- TASK BRIEF:
Since the copy must hold text only, transcribe the data below exactly and omit the images.

- SUPPLIED MATERIAL:
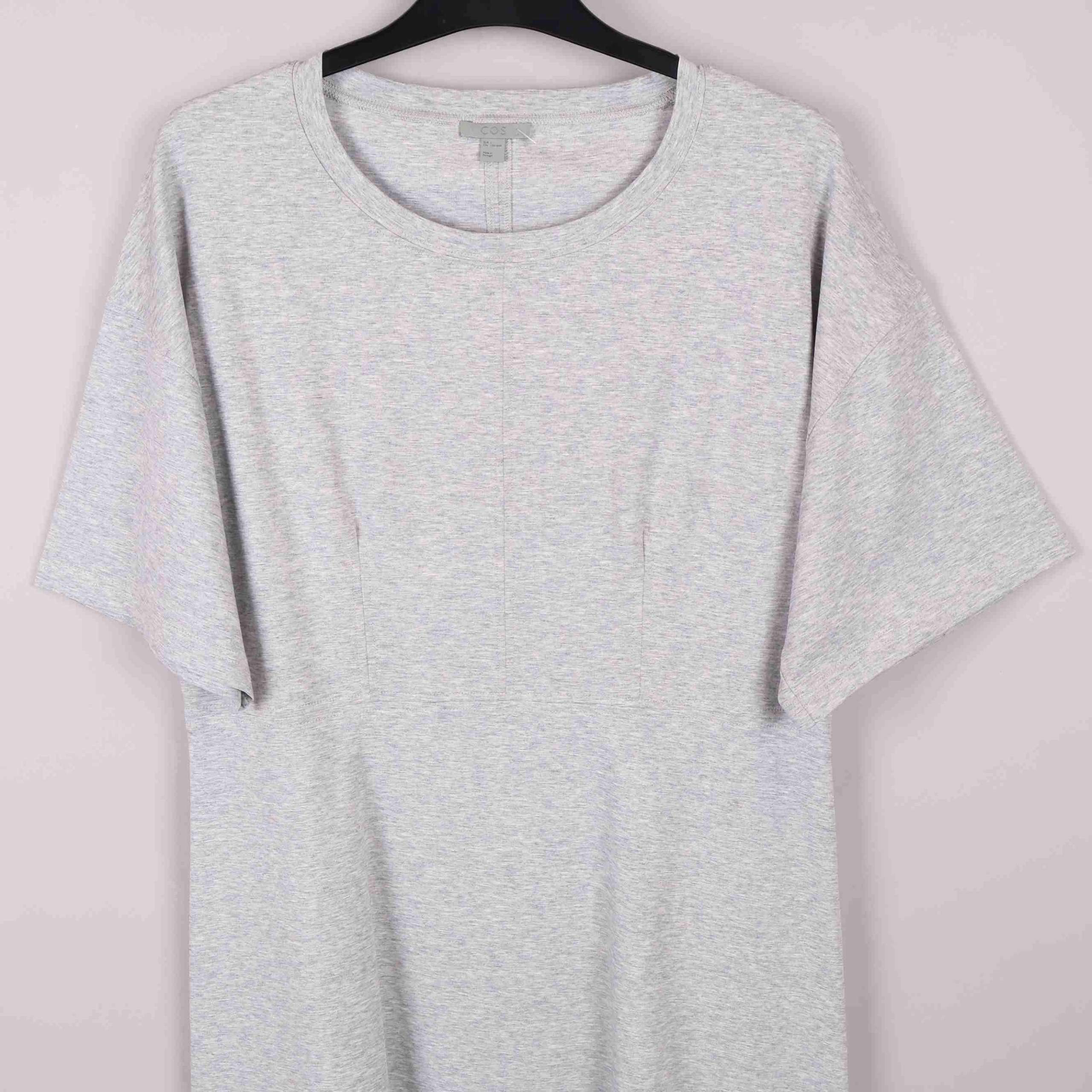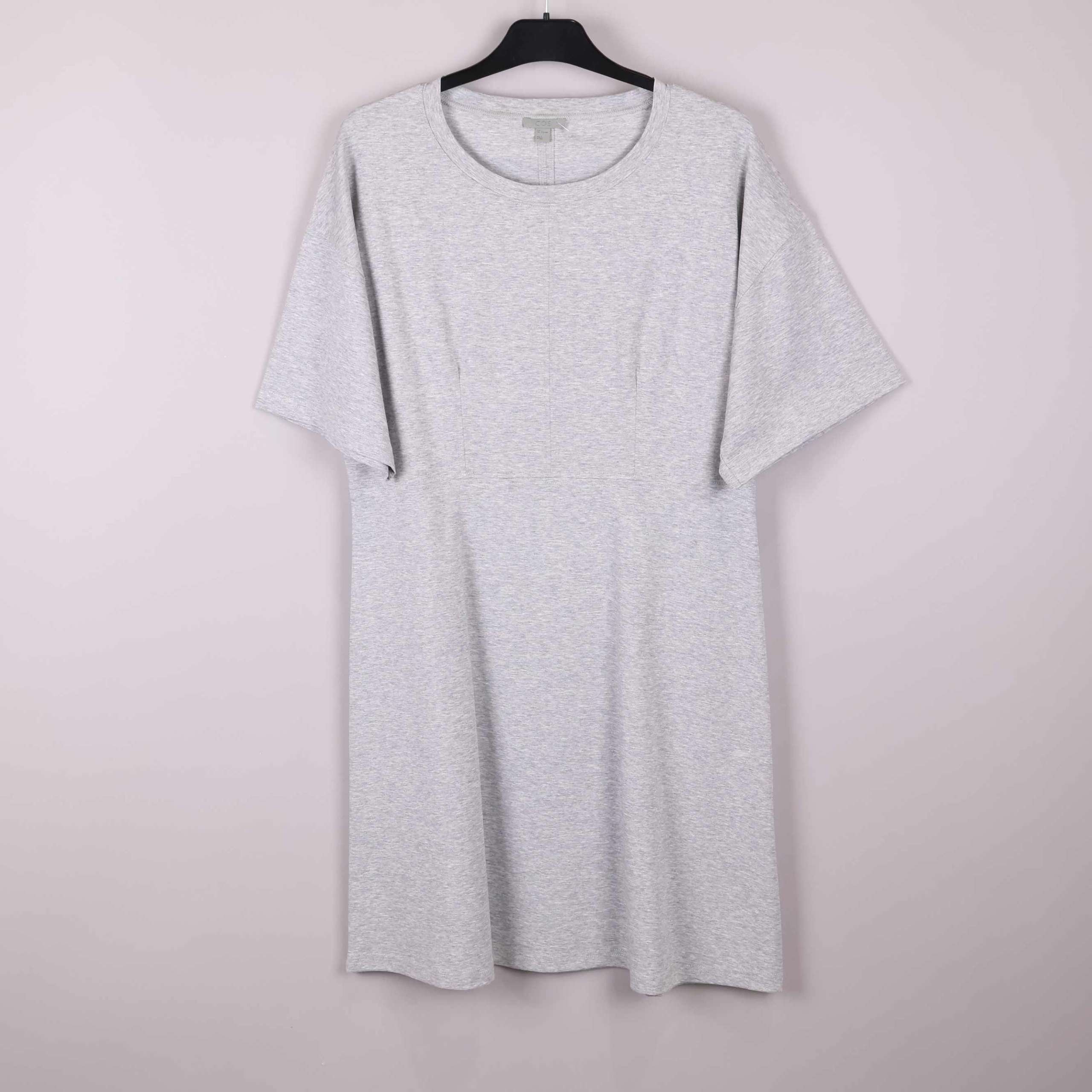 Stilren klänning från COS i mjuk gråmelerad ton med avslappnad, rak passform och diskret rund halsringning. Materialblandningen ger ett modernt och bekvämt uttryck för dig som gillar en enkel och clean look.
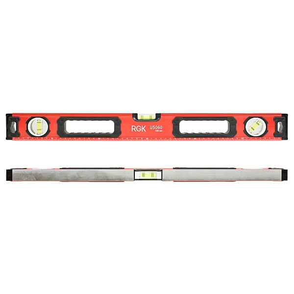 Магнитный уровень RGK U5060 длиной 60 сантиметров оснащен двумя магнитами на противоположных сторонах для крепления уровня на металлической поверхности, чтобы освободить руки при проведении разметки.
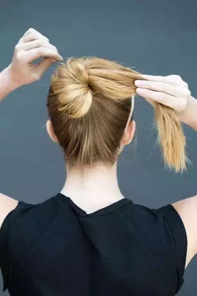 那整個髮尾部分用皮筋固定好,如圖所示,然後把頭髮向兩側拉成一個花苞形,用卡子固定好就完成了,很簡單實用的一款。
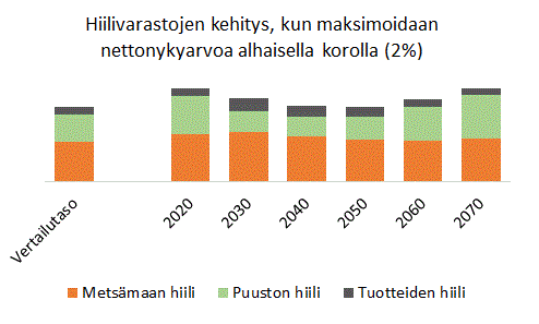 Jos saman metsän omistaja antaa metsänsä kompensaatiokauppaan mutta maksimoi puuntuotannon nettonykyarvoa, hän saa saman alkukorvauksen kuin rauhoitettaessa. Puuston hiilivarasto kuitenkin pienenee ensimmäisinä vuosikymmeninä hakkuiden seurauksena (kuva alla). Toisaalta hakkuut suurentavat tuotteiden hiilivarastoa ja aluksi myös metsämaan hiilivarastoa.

- ANSWER TO THE PROBLEM:
 Stilren klänning från COS i mjuk gråmelerad ton med avslappnad, rak passform och diskret rund halsringning. Materialblandningen ger ett modernt och bekvämt uttryck för dig som gillar en enkel och clean look.
 Магнитный уровень RGK U5060 длиной 60 сантиметров оснащен двумя магнитами на противоположных сторонах для крепления уровня на металлической поверхности, чтобы освободить руки при проведении разметки.
 那整個髮尾部分用皮筋固定好,如圖所示,然後把頭髮向兩側拉成一個花苞形,用卡子固定好就完成了,很簡單實用的一款。
 Jos saman metsän omistaja antaa metsänsä kompensaatiokauppaan mutta maksimoi puuntuotannon nettonykyarvoa, hän saa saman alkukorvauksen kuin rauhoitettaessa. Puuston hiilivarasto kuitenkin pienenee ensimmäisinä vuosikymmeninä hakkuiden seurauksena (kuva alla). Toisaalta hakkuut suurentavat tuotteiden hiilivarastoa ja aluksi myös metsämaan hiilivarastoa.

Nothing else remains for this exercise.